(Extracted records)
▬▬▬▬▬▬

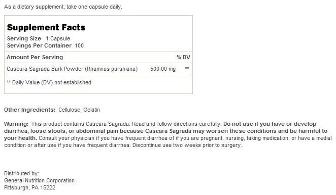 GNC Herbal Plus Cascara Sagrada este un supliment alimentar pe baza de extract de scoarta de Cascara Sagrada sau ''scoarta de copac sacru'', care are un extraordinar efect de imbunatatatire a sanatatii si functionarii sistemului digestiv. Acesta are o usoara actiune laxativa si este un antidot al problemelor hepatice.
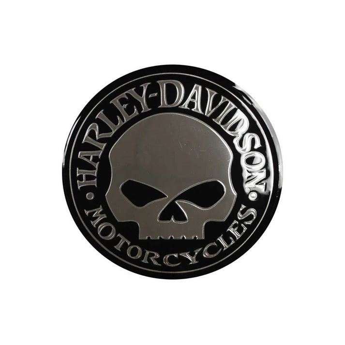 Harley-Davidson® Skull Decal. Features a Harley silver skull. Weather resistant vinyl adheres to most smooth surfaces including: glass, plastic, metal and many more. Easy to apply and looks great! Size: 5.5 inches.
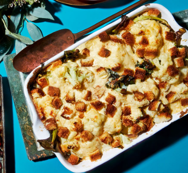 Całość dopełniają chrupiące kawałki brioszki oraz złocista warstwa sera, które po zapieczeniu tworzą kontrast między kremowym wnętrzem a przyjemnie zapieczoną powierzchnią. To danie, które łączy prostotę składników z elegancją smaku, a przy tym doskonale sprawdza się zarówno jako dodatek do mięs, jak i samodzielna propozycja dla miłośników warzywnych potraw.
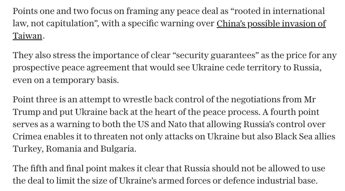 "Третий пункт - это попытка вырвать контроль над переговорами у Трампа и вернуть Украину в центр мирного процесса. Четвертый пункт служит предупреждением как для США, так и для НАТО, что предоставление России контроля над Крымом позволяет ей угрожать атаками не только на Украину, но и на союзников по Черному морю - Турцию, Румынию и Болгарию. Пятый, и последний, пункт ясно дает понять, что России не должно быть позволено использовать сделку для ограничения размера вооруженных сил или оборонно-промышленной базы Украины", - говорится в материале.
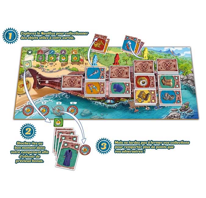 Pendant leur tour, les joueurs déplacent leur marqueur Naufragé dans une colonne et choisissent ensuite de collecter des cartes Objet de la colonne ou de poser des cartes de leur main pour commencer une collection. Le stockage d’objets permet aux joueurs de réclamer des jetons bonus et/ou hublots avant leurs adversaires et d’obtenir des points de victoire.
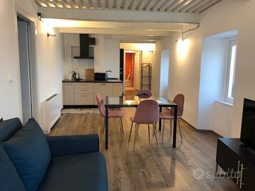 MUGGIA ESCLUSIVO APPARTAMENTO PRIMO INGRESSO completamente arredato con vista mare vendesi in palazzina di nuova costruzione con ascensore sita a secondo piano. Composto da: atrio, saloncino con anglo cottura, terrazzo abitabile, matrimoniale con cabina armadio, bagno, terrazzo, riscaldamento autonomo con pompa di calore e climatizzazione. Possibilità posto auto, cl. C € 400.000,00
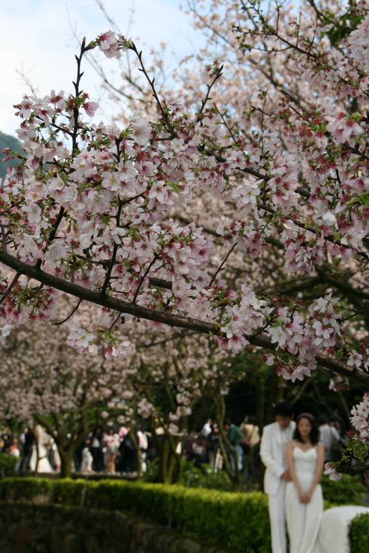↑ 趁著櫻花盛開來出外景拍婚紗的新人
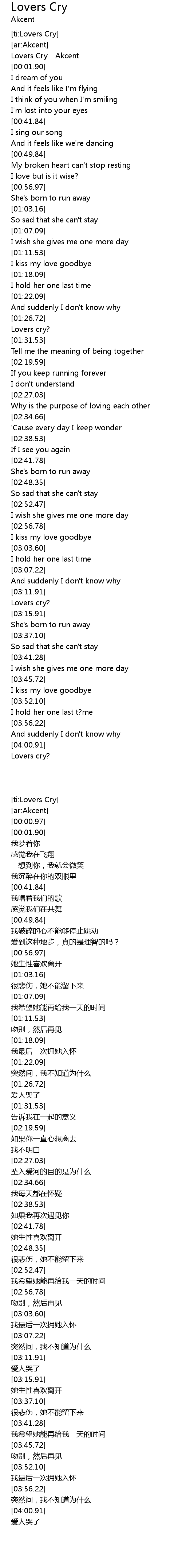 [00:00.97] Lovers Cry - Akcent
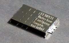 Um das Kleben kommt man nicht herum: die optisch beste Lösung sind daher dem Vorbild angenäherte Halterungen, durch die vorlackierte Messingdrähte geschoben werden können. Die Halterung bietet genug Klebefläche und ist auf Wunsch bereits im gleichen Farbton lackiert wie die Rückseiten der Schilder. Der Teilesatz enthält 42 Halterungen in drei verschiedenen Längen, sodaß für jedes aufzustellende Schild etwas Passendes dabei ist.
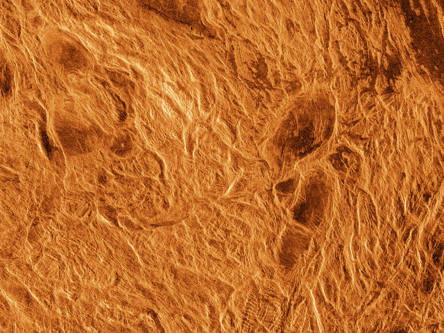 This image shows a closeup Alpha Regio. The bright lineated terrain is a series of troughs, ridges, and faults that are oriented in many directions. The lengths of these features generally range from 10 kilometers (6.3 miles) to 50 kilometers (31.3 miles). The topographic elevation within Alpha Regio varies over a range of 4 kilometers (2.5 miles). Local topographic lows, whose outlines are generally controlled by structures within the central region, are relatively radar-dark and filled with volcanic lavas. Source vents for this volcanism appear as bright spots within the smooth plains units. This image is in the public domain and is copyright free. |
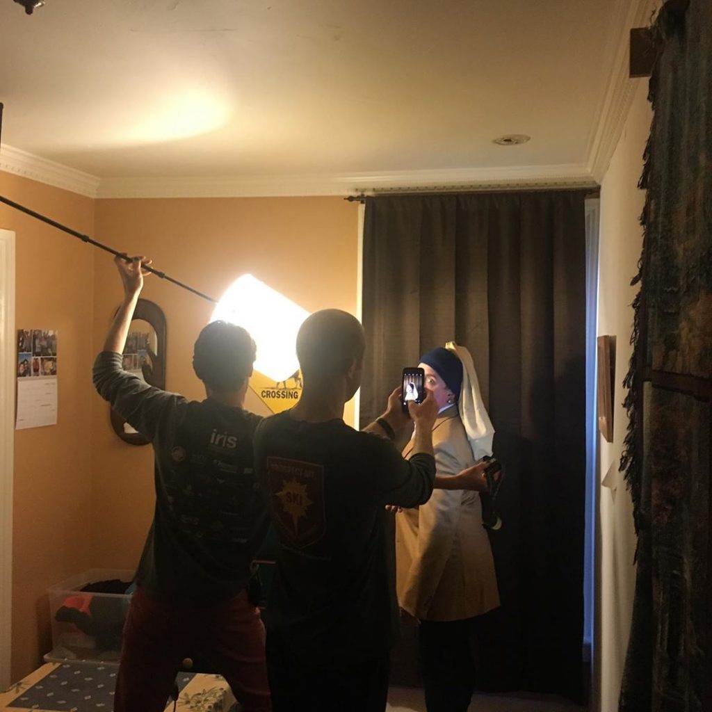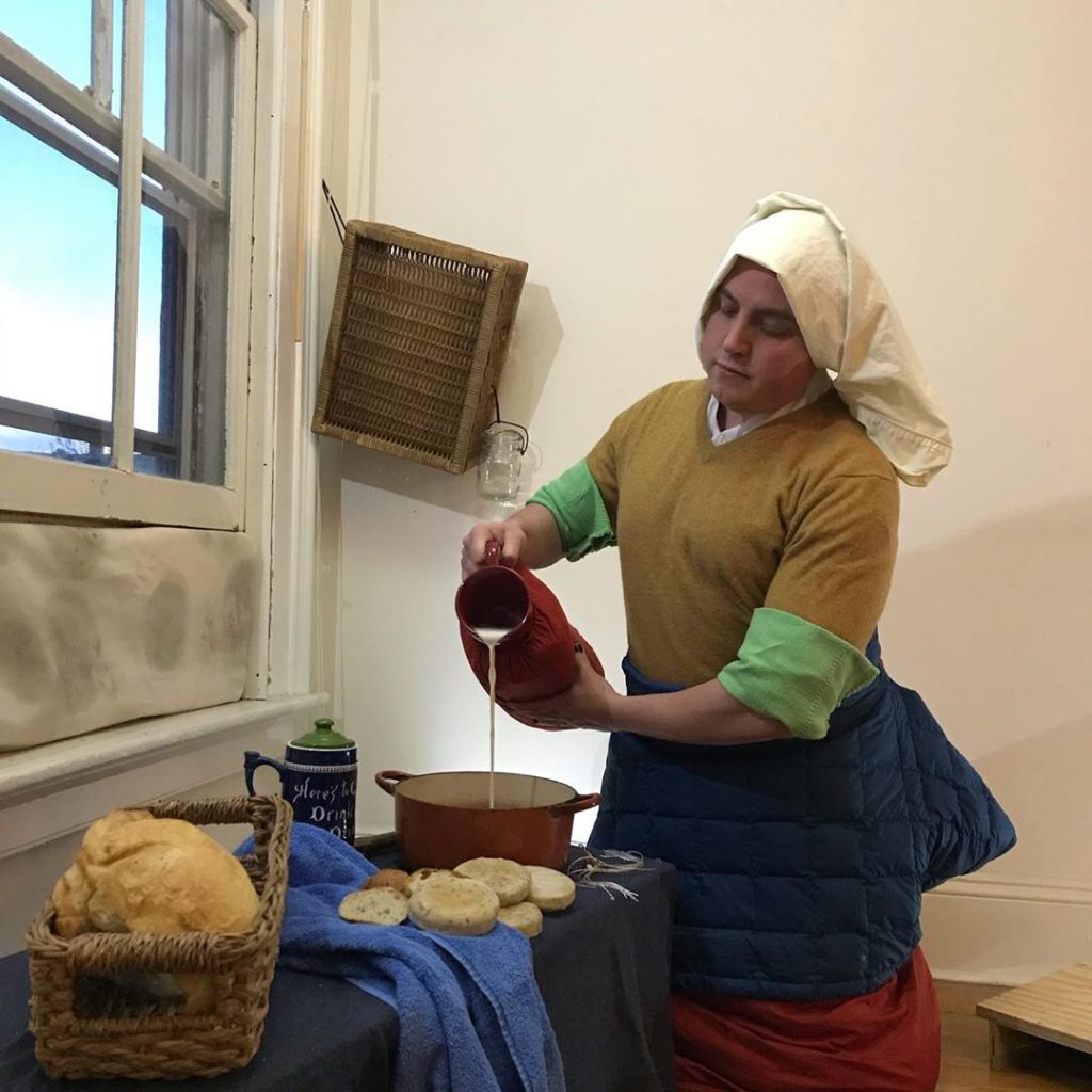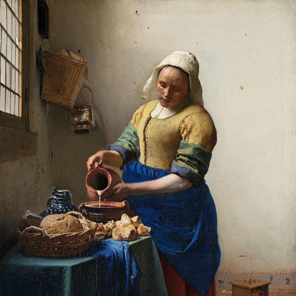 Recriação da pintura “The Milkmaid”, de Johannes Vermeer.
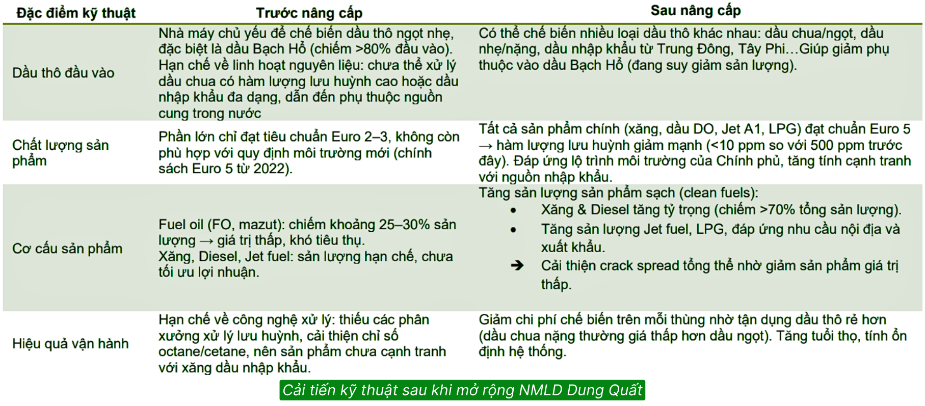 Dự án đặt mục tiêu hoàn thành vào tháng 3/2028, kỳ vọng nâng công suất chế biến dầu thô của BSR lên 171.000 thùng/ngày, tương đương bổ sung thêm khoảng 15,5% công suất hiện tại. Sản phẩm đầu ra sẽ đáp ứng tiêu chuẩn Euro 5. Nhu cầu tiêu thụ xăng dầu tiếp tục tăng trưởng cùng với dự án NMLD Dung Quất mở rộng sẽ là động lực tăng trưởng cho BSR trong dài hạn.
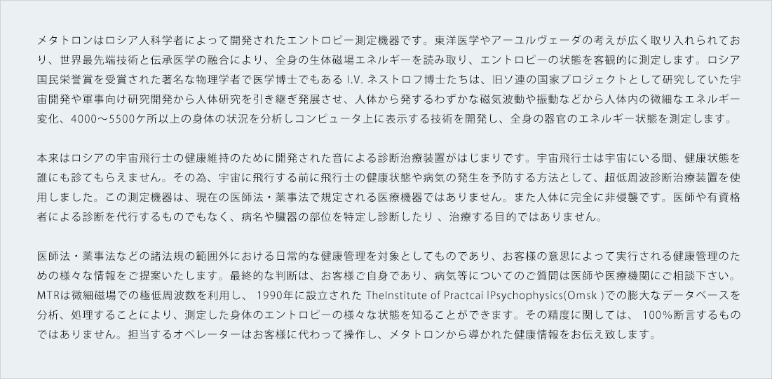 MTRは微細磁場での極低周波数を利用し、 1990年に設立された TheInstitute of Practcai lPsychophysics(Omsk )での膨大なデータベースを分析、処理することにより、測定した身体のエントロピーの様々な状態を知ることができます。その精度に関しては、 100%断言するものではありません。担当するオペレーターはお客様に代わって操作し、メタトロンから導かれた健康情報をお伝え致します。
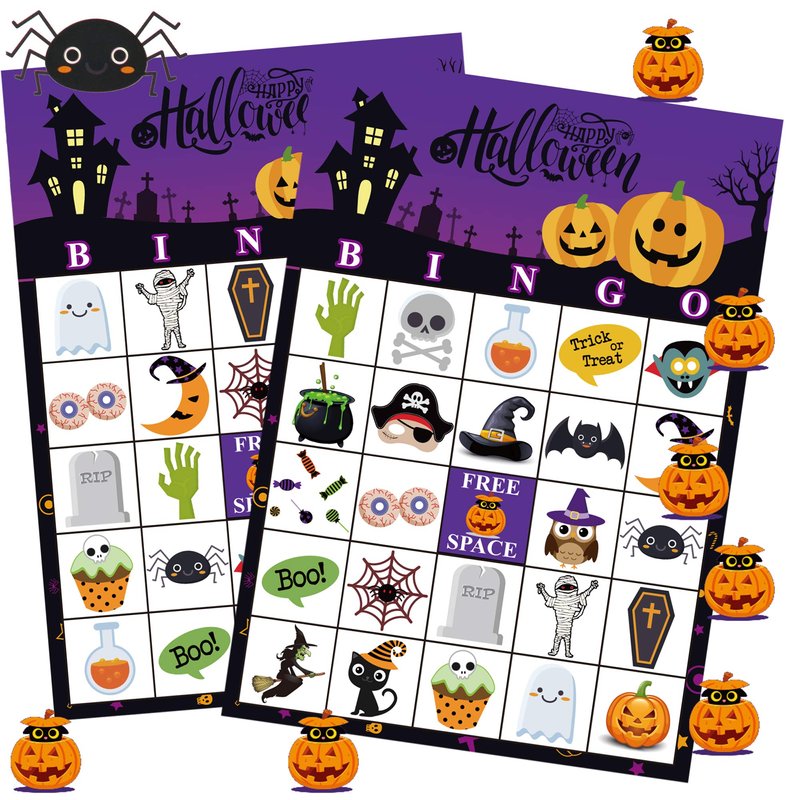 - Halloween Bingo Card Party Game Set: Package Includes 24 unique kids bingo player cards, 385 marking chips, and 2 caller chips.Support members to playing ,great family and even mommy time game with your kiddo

▬▬▬▬▬▬

> **Task statement**: Retype all the records shown above, character for character. Omit every picture.

> **Written answer**:
 GNC Herbal Plus Cascara Sagrada este un supliment alimentar pe baza de extract de scoarta de Cascara Sagrada sau ''scoarta de copac sacru'', care are un extraordinar efect de imbunatatatire a sanatatii si functionarii sistemului digestiv. Acesta are o usoara actiune laxativa si este un antidot al problemelor hepatice.
 Harley-Davidson® Skull Decal. Features a Harley silver skull. Weather resistant vinyl adheres to most smooth surfaces including: glass, plastic, metal and many more. Easy to apply and looks great! Size: 5.5 inches.
 Całość dopełniają chrupiące kawałki brioszki oraz złocista warstwa sera, które po zapieczeniu tworzą kontrast między kremowym wnętrzem a przyjemnie zapieczoną powierzchnią. To danie, które łączy prostotę składników z elegancją smaku, a przy tym doskonale sprawdza się zarówno jako dodatek do mięs, jak i samodzielna propozycja dla miłośników warzywnych potraw.
 "Третий пункт - это попытка вырвать контроль над переговорами у Трампа и вернуть Украину в центр мирного процесса. Четвертый пункт служит предупреждением как для США, так и для НАТО, что предоставление России контроля над Крымом позволяет ей угрожать атаками не только на Украину, но и на союзников по Черному морю - Турцию, Румынию и Болгарию. Пятый, и последний, пункт ясно дает понять, что России не должно быть позволено использовать сделку для ограничения размера вооруженных сил или оборонно-промышленной базы Украины", - говорится в материале.
 Pendant leur tour, les joueurs déplacent leur marqueur Naufragé dans une colonne et choisissent ensuite de collecter des cartes Objet de la colonne ou de poser des cartes de leur main pour commencer une collection. Le stockage d’objets permet aux joueurs de réclamer des jetons bonus et/ou hublots avant leurs adversaires et d’obtenir des points de victoire.
 MUGGIA ESCLUSIVO APPARTAMENTO PRIMO INGRESSO completamente arredato con vista mare vendesi in palazzina di nuova costruzione con ascensore sita a secondo piano. Composto da: atrio, saloncino con anglo cottura, terrazzo abitabile, matrimoniale con cabina armadio, bagno, terrazzo, riscaldamento autonomo con pompa di calore e climatizzazione. Possibilità posto auto, cl. C € 400.000,00
↑ 趁著櫻花盛開來出外景拍婚紗的新人
 [00:00.97] Lovers Cry - Akcent
 Um das Kleben kommt man nicht herum: die optisch beste Lösung sind daher dem Vorbild angenäherte Halterungen, durch die vorlackierte Messingdrähte geschoben werden können. Die Halterung bietet genug Klebefläche und ist auf Wunsch bereits im gleichen Farbton lackiert wie die Rückseiten der Schilder. Der Teilesatz enthält 42 Halterungen in drei verschiedenen Längen, sodaß für jedes aufzustellende Schild etwas Passendes dabei ist.
 This image shows a closeup Alpha Regio. The bright lineated terrain is a series of troughs, ridges, and faults that are oriented in many directions. The lengths of these features generally range from 10 kilometers (6.3 miles) to 50 kilometers (31.3 miles). The topographic elevation within Alpha Regio varies over a range of 4 kilometers (2.5 miles). Local topographic lows, whose outlines are generally controlled by structures within the central region, are relatively radar-dark and filled with volcanic lavas. Source vents for this volcanism appear as bright spots within the smooth plains units. This image is in the public domain and is copyright free. |
 Recriação da pintura “The Milkmaid”, de Johannes Vermeer.
 Dự án đặt mục tiêu hoàn thành vào tháng 3/2028, kỳ vọng nâng công suất chế biến dầu thô của BSR lên 171.000 thùng/ngày, tương đương bổ sung thêm khoảng 15,5% công suất hiện tại. Sản phẩm đầu ra sẽ đáp ứng tiêu chuẩn Euro 5. Nhu cầu tiêu thụ xăng dầu tiếp tục tăng trưởng cùng với dự án NMLD Dung Quất mở rộng sẽ là động lực tăng trưởng cho BSR trong dài hạn.
 MTRは微細磁場での極低周波数を利用し、 1990年に設立された TheInstitute of Practcai lPsychophysics(Omsk )での膨大なデータベースを分析、処理することにより、測定した身体のエントロピーの様々な状態を知ることができます。その精度に関しては、 100%断言するものではありません。担当するオペレーターはお客様に代わって操作し、メタトロンから導かれた健康情報をお伝え致します。
 - Halloween Bingo Card Party Game Set: Package Includes 24 unique kids bingo player cards, 385 marking chips, and 2 caller chips.Support members to playing ,great family and even mommy time game with your kiddo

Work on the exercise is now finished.